Конечно, можно встать, встряхнуться, надеть пальто, пойти к приятелю, вытащить его и побродить по улицам, оставляя, в свою очередь, в чужих открытых окнах обрывки волнующих вас слов:

– Ты слишком мрачно глядишь на вещи.

– Это я-то?! Ну знаешь ли… Ведь она его не любит, ее просто забавляет то, что…

Конечно, можно самому превратиться в такого пешехода, вырваться из оцепенелых лап тихой печали и одиночества, но не хочется пошевелить рукой, не то что сдвинуться с места.

И сидишь, сидишь, а сердце обливается жалостью к самому себе.

– Забыли!.. Оставили!.. Никому нет до меня дела.

* * *

Я ли один переживаю это, или бывает такое же настроение у банкиров, железнодорожных бухгалтеров, цирковых артистов и магазинных продавщиц, оставшихся по случаю праздничных сумерек дома?

О чем же вам-то грустить, далекие неизвестные товарищи по временному одиночеству? Или никакой тут причины и не нужно, а все дело в сумерках, звуках рояля и голосах пешеходов под окнами?

Вот и сегодня: сижу я в сладком оцепенении печали и жалости к самому себе, и рояль рокочет басовыми нотами у верхних квартирантов, и неизвестные мне люди за окном переговариваются о далеких мне делах и интересах…

Все бросили меня, бедного, никому я не нужен, всеми забыт… Плакать хочется.

Даже горничная ушла куда-то. Наверное, подумала: брошу-ка я своего барина; на что он мне, у меня есть свои интересы, а мне до барина нет никакого дела. Пусть себе сидит на диване, как сыч.

Боже ж ты мой, как тоскливо, как обидно!

В передней звонок.

О счастье! Неужели обо мне кто-нибудь вспомнил? Неужели я еще не старая кляча, всеми позабытая и оставленная?

Незнакомая барыня в лиловой шляпке входит в мой кабинет, садится на стул, долго осматривает меня при свете зажженных мною ламп.

– Вот вы какой! – говорит она, внимательно меня оглядывая. – Как странно: читаю вас несколько лет, а вижу в первый раз.

Бодрое настроение возвращается ко мне (я не забыт!).

– Читаете несколько лет, а видите в первый раз? Печально, если бы было наоборот, – усмехаюсь я.

– Вы и в жизни такой же веселый, как в ваших рассказах?

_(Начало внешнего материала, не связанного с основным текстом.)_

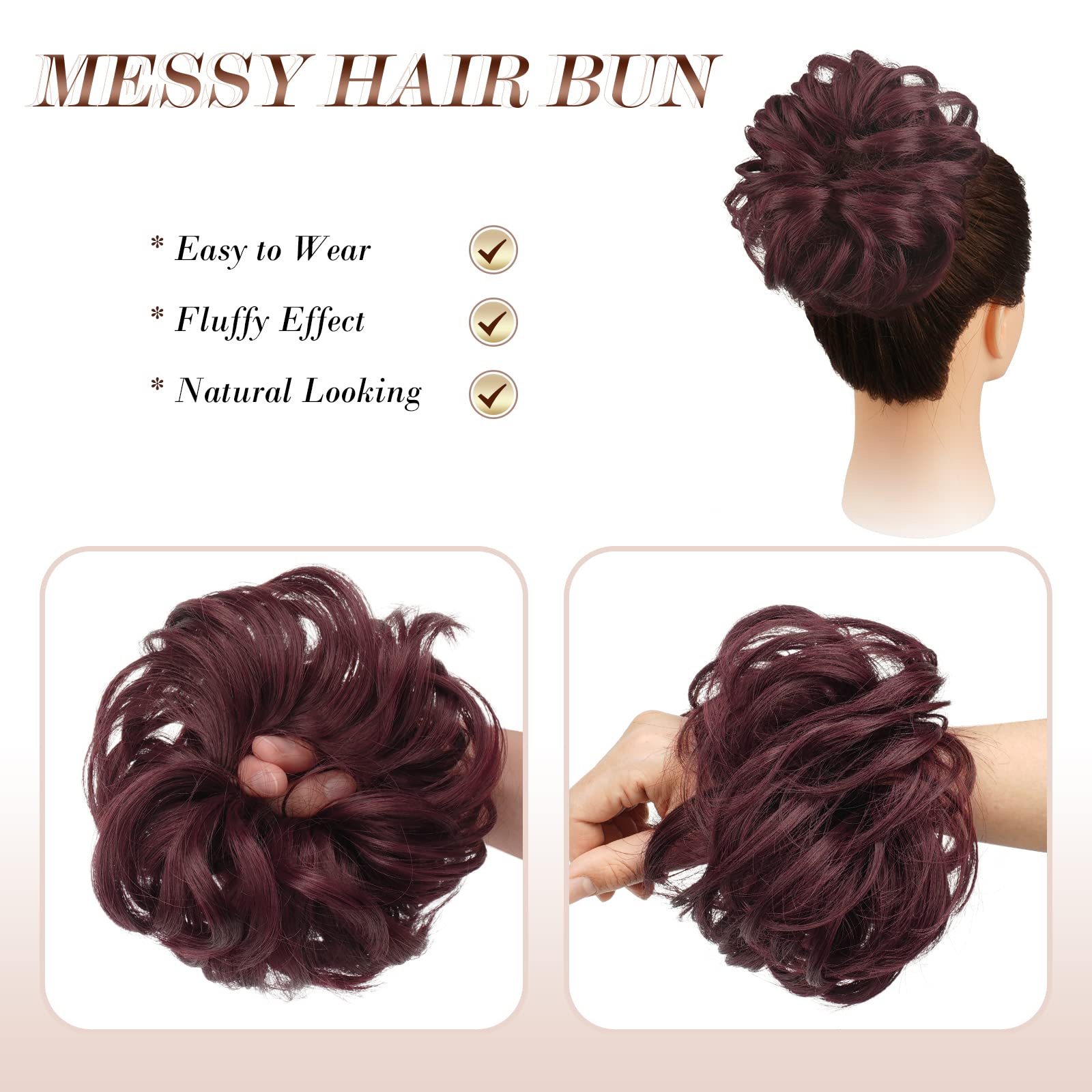 Natural & Fluffy: Messy hair bun weighs 1.45 oz/pcs, perfect for adding volume and fullness to a updo or a ponytail. This eye-catching hairpiece bun is very soft and natural, looks like your own hair.
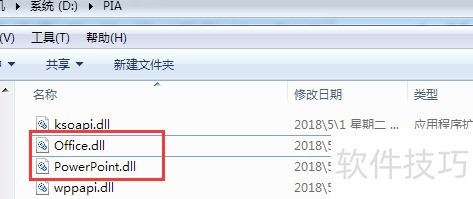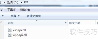 打开WPS安装目录,找到ksoapi.dll和wppapi.dll文件,将其复制到D盘新建的PIA文件夹中,便于后续使用。
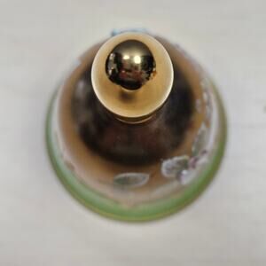 ⦁ Green glass bell with Enameled Gold and hand painted flowers
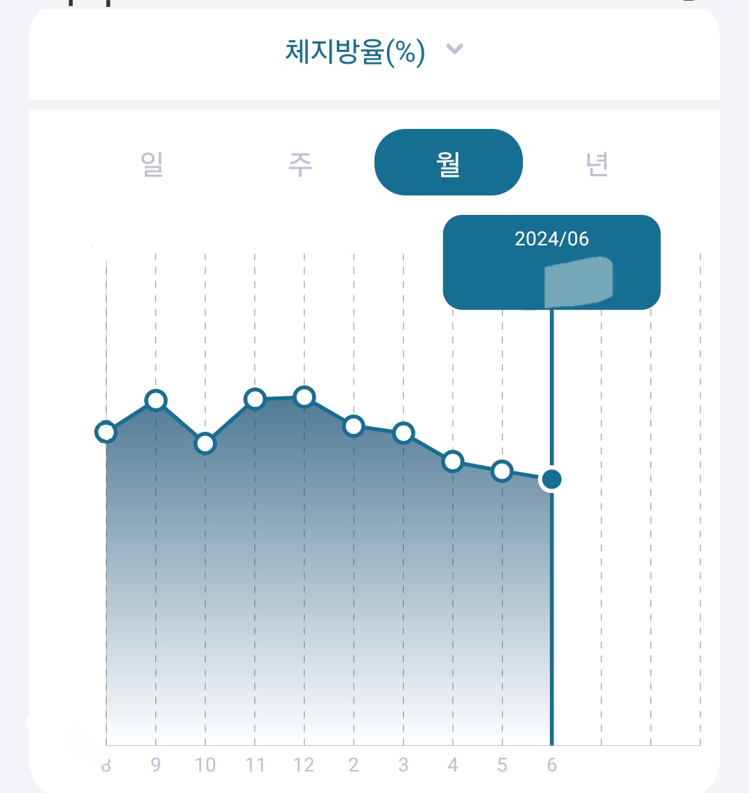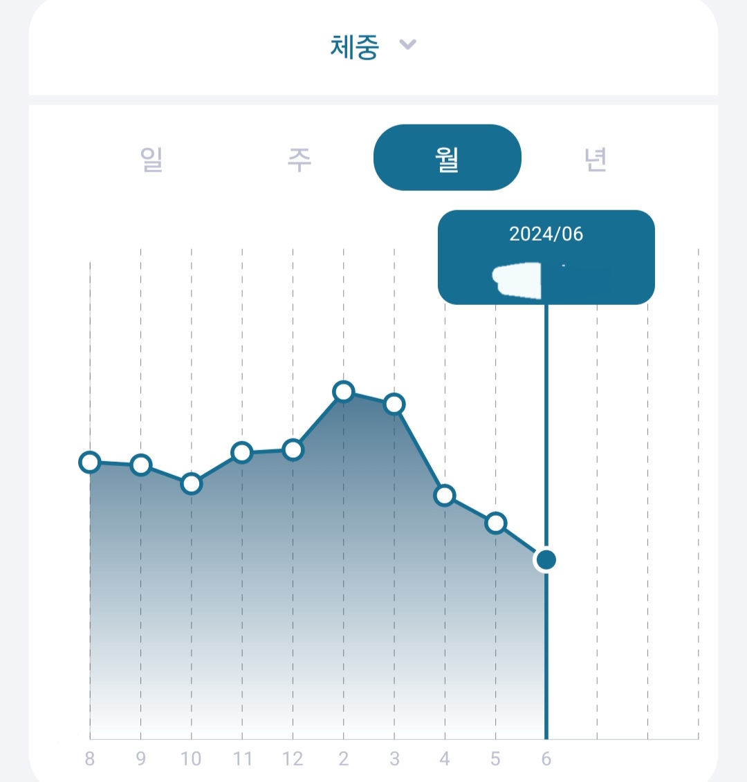 5월달에는 약간 정체기가 왔었는데 5월말부터 조금씩 다시 빠지는 중
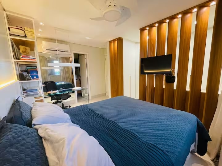Kényelem, biztonság és szórakozás az egész családnak! Apto todo Légkondicionált, teljesen felszerelt konyha, mosógép, 2 Smart TV 55" és teljes ágynemű és fürdőlepedő. Bairro Nobre de Cuiabában található, a Shopping Pantanal, a Centro Política Administrativo, a Hospital São Mateus, szupermarketek és éttermek közelében. Comdomínio Padrão Clube, úszómedencével, játékokkal, játékteremmel, akadémiával, focipályával, grillezéssel, ínyenc helyiséggel és egy gyönyörű kerttel a szemlélődéshez!

– А разве мои рассказы веселые?

– Помилуйте! Иногда, читая их, просто как сумасшедшая смеешься.

– Вот не думал. Когда я пишу свои рассказы, я не подозреваю, что они могут рассмешить.

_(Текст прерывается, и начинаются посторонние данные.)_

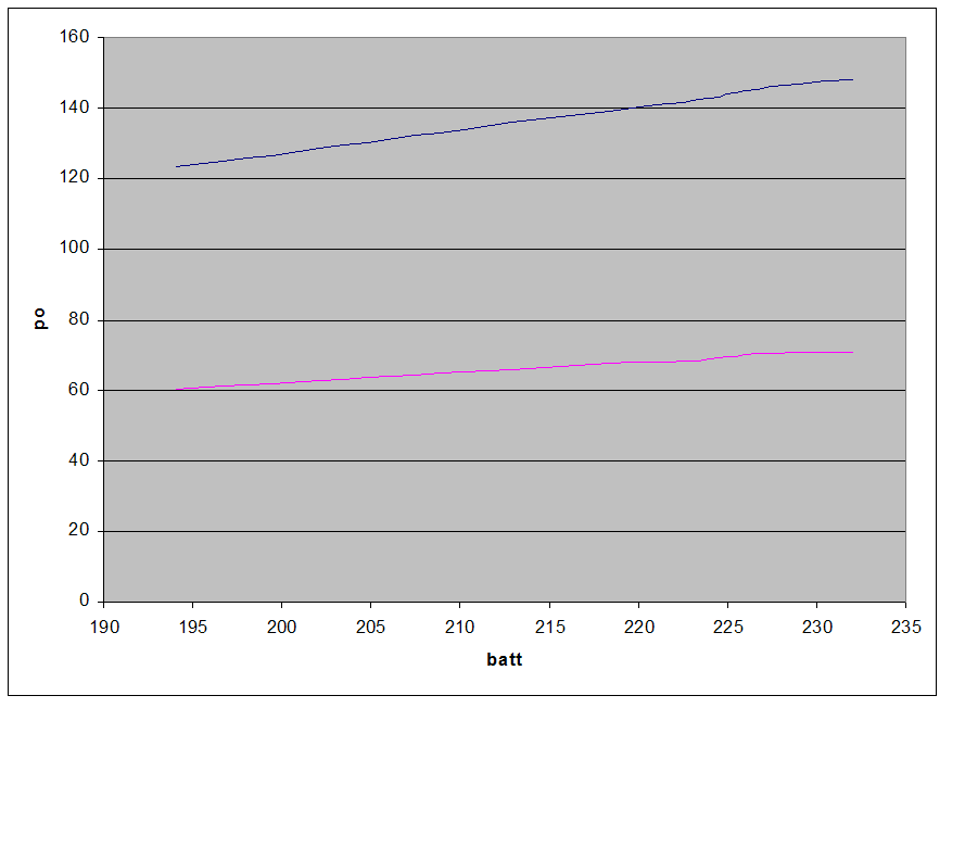 Ok, das sieht ziemlich linear aus. Also kannst du jetzt entweder mit Excel oder per Hand eine Regressionsgerade für po_min(batt) und po_max(batt) berechnen. (Guck mal in einem Mathebuch deiner Wahl oder bei google/Wikipedia für die Formeln. Ist im Prinzip ganz einfach, nur ein paar Summen bilden und dividieren.) Mit diesen beiden Funktionen kannst du ja für ein batt die enstprechenden po_min und po_max Werte ausrechnen und dann dazwischen linear interpolieren, wie du es oben bei der konstanten Batteriespannung gemacht hast.
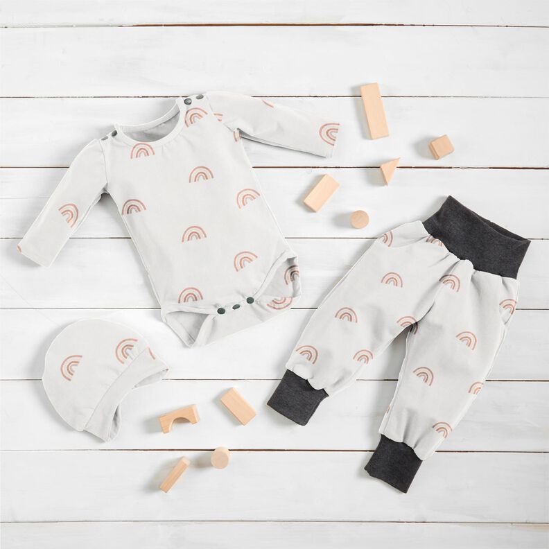 GOTS Jersey de algodão Arco-íris suaves Impressão Digital – marfim
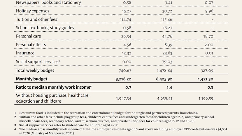 If housing, healthcare, education and childcare are removed, the monthly budgets required for a basic standard of living falls to below S$2,000 for single-parent families, and around S$4,006 for married couples with children.
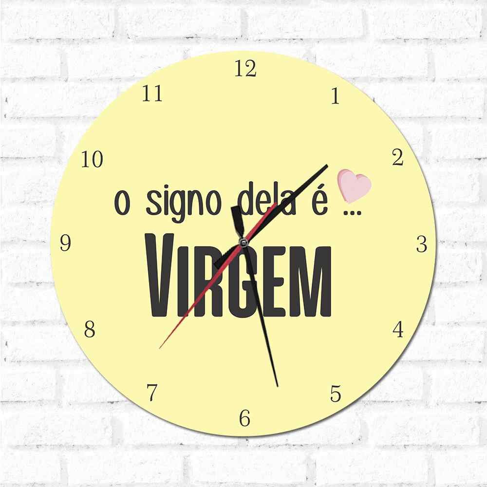 O Relógio O Signo dela é Virgem é uma ótima opção para decorar sua casa, além de ser um item funcional, é também um item decorativo. E pode ser colocado em qualquer ambiente.
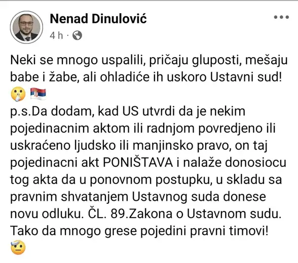 "Neki se mnogo uspalili, pričaju gluposti, mešaju babe i žabe, ali ohladiće ih uskoro Ustavni sud", poručio je na svom Fejsbuk profilu, Nenad Dinulović, predsednik GIK-a i direktor Centra za socijalni rad.

– Еще как! Вы знаете, почему я пришла к вам? Я пришла поблагодарить вас за хорошие минуты, которые вы доставили мне своими рассказами. Ах, вы так чудно, так чудно пишете…

Почему-то делается жаль уплывших сумерек, гулких шагов, и голосов неведомых пешеходов, и рояля, который тоже притих, будто сообразил, что он уже не в тоне сумерек и голосов за окном.

– Некоторые ваши рассказы я прямо наизусть знаю…

– Вы, право, избалуете меня… Ну, какой же рассказ запомнился вам?

– Я как-то не запомнила заглавий. Одним словом, о чиновнике, который хотел учиться кататься на лошади, а потом упал с нее, и его родственники смеялись над ним, и невеста тоже… отказалась выйти за него замуж.

– Позвольте, сударыня… Да у меня нет такого рассказа.

– Быть не может!

– Уверяю вас.

– Значит, я что-нибудь спутала. Ах, я, знаете, такая рассеянная! Совсем как та старушка в вашем рассказе, которая забыла надеть юбку да так и пошла по улице без юбки. Я страшно смеялась, когда читала этот рассказ.

 

– Сударыня! У меня и такого рассказа нет!

– Вы меня прямо удивляете! Какие же у вас рассказы есть, если того нет, этого нет!.. Ну, есть у вас такой рассказ, как еврейка выколола в шутку сыну глаз, а потом повезла его к зубному доктору?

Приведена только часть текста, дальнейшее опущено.